[S]hould congress, in the execution of its powers, adopt measures which are prohibited by the constitution; or should congress, under the pretext of executing its powers, pass laws for the accomplishment of objects not intrusted to the government; it would become the painful duty of this tribunal, should a case requiring such a decision come before it, to say, that such an act was not the law of the land. McCulloch, supra, 17 U.S. at 421, 423.
Is the individual mandate "prohibited" by the Constitution? Is it being use to accomplish an object not intrusted to the government? This citation is nonsensical. The judge argues:
[T[he means used to serve [the health bill's] end must be “appropriate,” “plainly adapted,” and not “prohibited” or inconsistent “with the letter and spirit of the constitution.” [.. .] The Necessary and Proper Clause cannot be utilized to “pass laws for the accomplishment of objects” that are not within Congress’ enumerated powers. As the previous analysis of the defendants’ Commerce Clause argument reveals, the
individual mandate is neither within the letter nor the spirit of the Constitution.
This reasoning turns McCollough on its head. The issue is not whether the Constitution empowers Congress to enact an individual mandate, but rather whether the object of Congress' use of the individual mandate is a purpose permitted by the Constitution. The judge concedes the object is Constitutional and that the Constitution does not prohibit an individual mandate. Thus, the reasoning even this judge applies compels a finding that the individual mandate is in fact constitutional.

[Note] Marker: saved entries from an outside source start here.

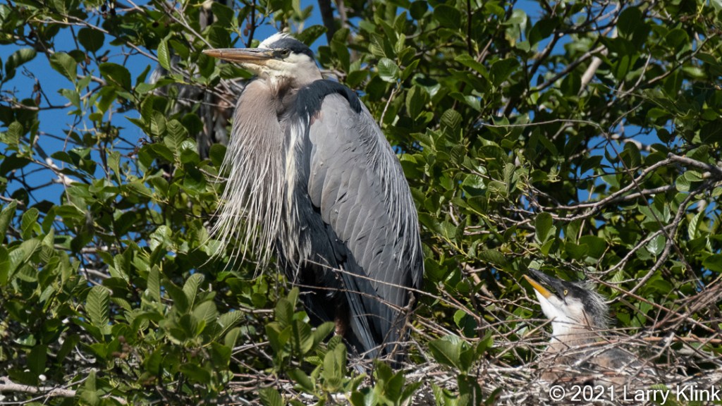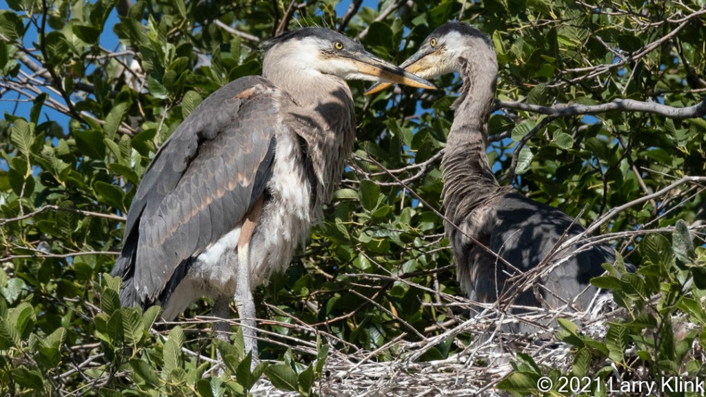 I am fortunate that a pair of Great Blue Herons chose to nest near one of my favorite walking/photography trails. I was only able to visit them 3 times this spring. So, this series of images consists of 3 sets taken approximately a month apart. In the second set, one of the adults is on the nest and the other is behind the tree branches. In the third set, the chicks are too big and the adult can’t get on the nest with them so it is behind the tree branches.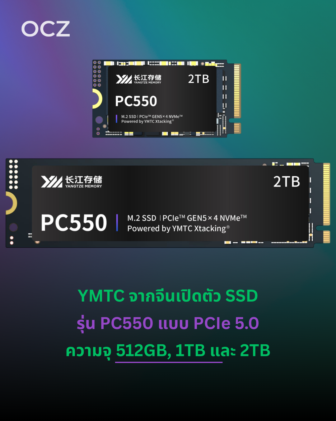 YMTC จากจีนเปิดตัว SSD รุ่น PC550 แบบ PCIe 5.0 ความจุ 512GB, 1TB และ 2TB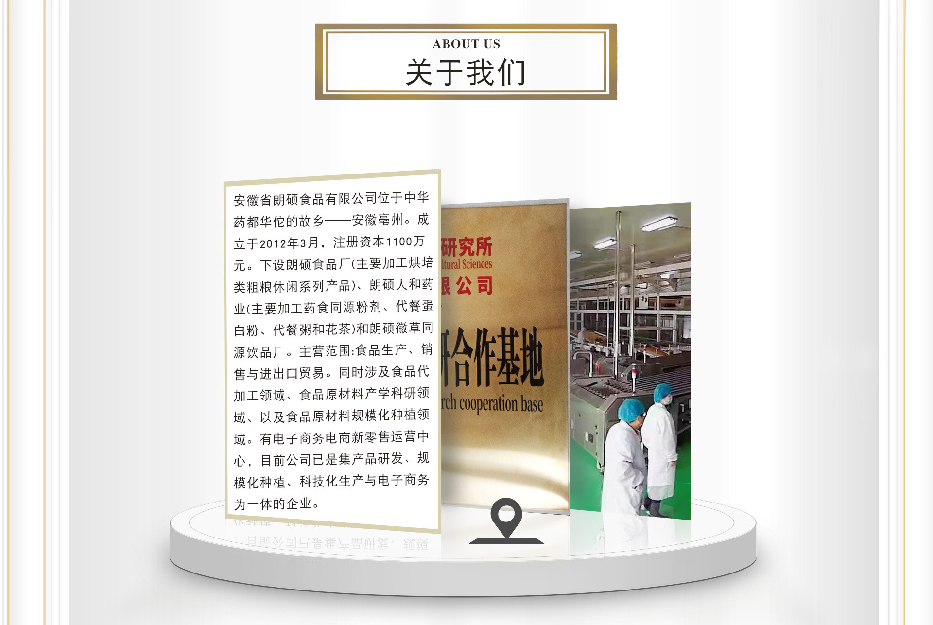 安徽朗碩食品有限公司注冊地位于渦陽縣陳大工業園區,注冊成立于2012年3月,注冊資金1100 。公司主要生產烘焙類食品、休閑食品、兒童食品、藥食同源類功能性健康食品等系列產品,公司集新產品的開發及市場銷售、電子商務、微商社交新零售和OIM貼牌代工業務。 我公司從原材料種植到原材料加工再到成品加工全程采用綠色無公害的種植及加工工藝,從種植原料到加工食品采用全程監控,做到放心食品的標準。公司現擁有2條全自動烘焙食品生產流水線,30臺套健康食品生產設備,車間面積16000平方米,日加工能力達到6噸。2019年公司在渦陽縣經濟開發區又新成立了功能性健康食品生產廠房,讓產品更豐富,渠道更完善,同時自由社交新零售運營模式成功起盤。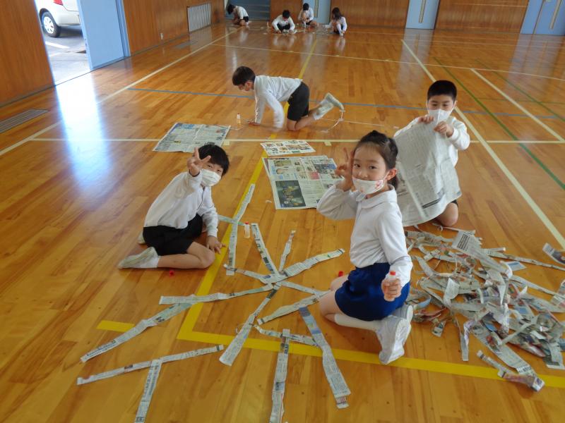 11月28日(月)5限目、2年生の子ども達が、図工の「つないで つるして」の学習をしました。子ども達は、班で協力して話し合いながら、材料の新聞紙を細く切って、思い思いの形につないだり吊るしたりして作品を仕上げました。広い体育館での活動だったので、どの子も生き生きと取り組み、後半は、みんなでジャンケン列車をして、笑顔がはじけていました。この日は、居住地交流として、いしかわ特別支援学校から交流に来てくれた中田くんも「とっても楽しかったです。」と、中条っ子との交流を楽しみました。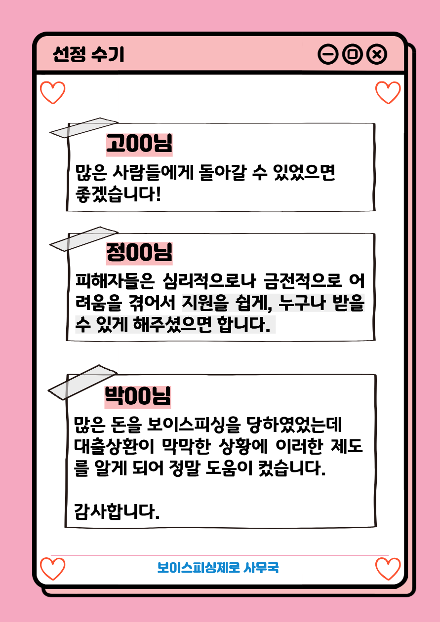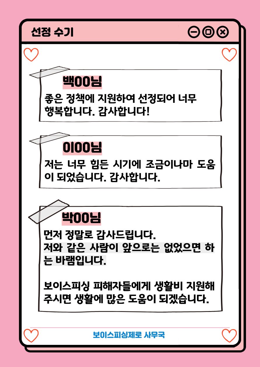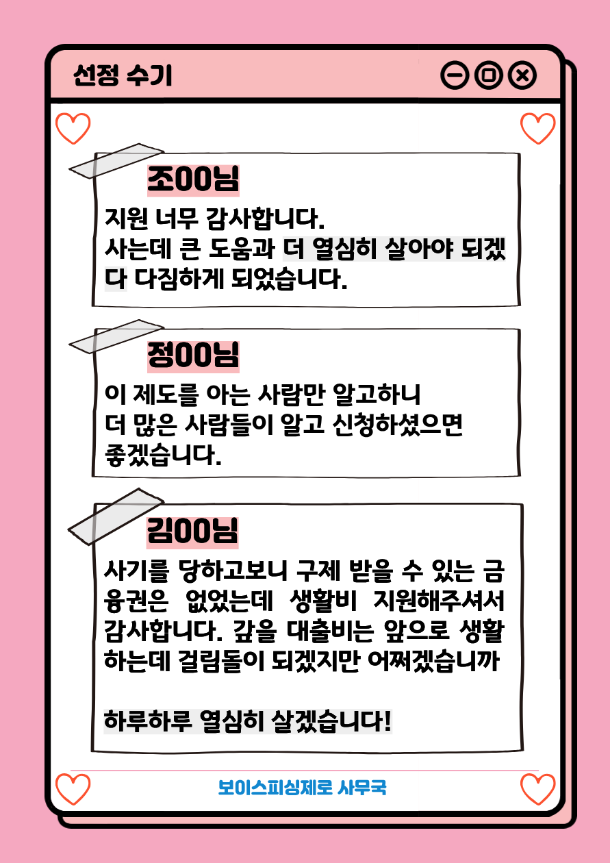 보이스피싱제로 2차년도 11차(8월) 생활비 선정자 후기 모음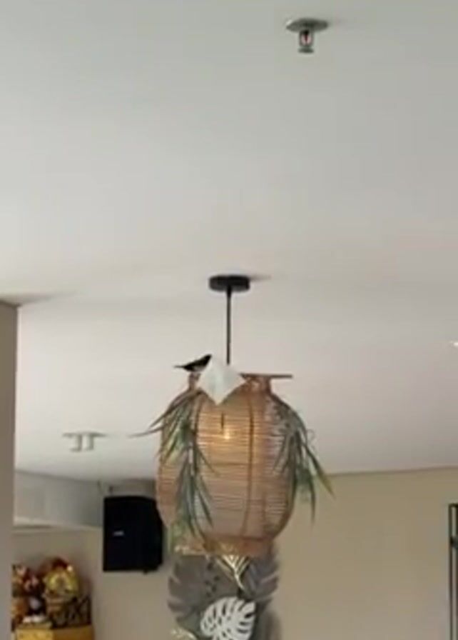 small black and white bird perched on top of a large, decorative wicker light fixture hanging from a white ceiling. The fixture is adorned with leafy green and brown faux foliage. A folded white napkin is also positioned on top of the fixture. In the background, the room has light tan walls and features elements such as a fire sprinkler, a speaker, decorative floral arrangements, and other furnishings, indicating an indoor space.

In the end, the judge bootstraps the individual mandate to declare the entire health bill unconstitutional because, the judge argues, the mandate is essential to the functioning of the entire scheme. How this squares with the mandate not being "necessary and proper" is beyond me.
The decision however, has a better chance of succeeding in higher courts precisely because of the non-severability decision. The insurance companies will be happy with this decision, as opposed to the Virginia decision which struck down the mandate but not the health bill.
That said, I doubt any of these decisions survive. But it would be ironic if the wonks' love of the mandate ends up killing the health biil.